A disease entity anchored to MeSH:D003480 (Cushing Syndrome) inherits the MeSH tree's knowledge that Cushing Syndrome is a subtype of Adrenal Cortex Diseases, which is a subtype of Endocrine System Diseases, which is a subtype of Pathological Conditions, Anatomical. It inherits the MeSH-recorded synonyms: "Hypercortisolism", "Adrenal Cortex Hyperfunction". It inherits the cross-references to ICD-10-CM codes.

None of this has to be extracted from the corpus. It is already encoded in the authority. Anchoring is the operation that makes it available to the graph.

Cross-Domain Composition¶

The consequence of anchoring to shared authorities extends beyond a single graph. When two graphs -- one built from research papers, one built from clinical trial records -- both anchor their disease entities to MeSH and their drug entities to RxNorm, a query can traverse from a research finding to a clinical trial outcome. The shared identifiers are the bridges.

This is not a feature of BFS-QL, or of any query protocol. It is a consequence of the decision to anchor to shared authorities.

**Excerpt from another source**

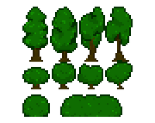 Highly detailed pixel art trees, perfect for backgrounds in platformers, visual novels, and illustrations

The identity server makes that decision systematic and enforced rather than optional and inconsistent.

The practical implication for graph builders: every entity that could be anchored to an authority should be. Provisional entities that remain unanchored are islands -- they participate in their local graph but cannot bridge to other graphs. The authority lookup stage of the lookup chain is not an optimization. It is the operation that connects the graph to the epistemic commons.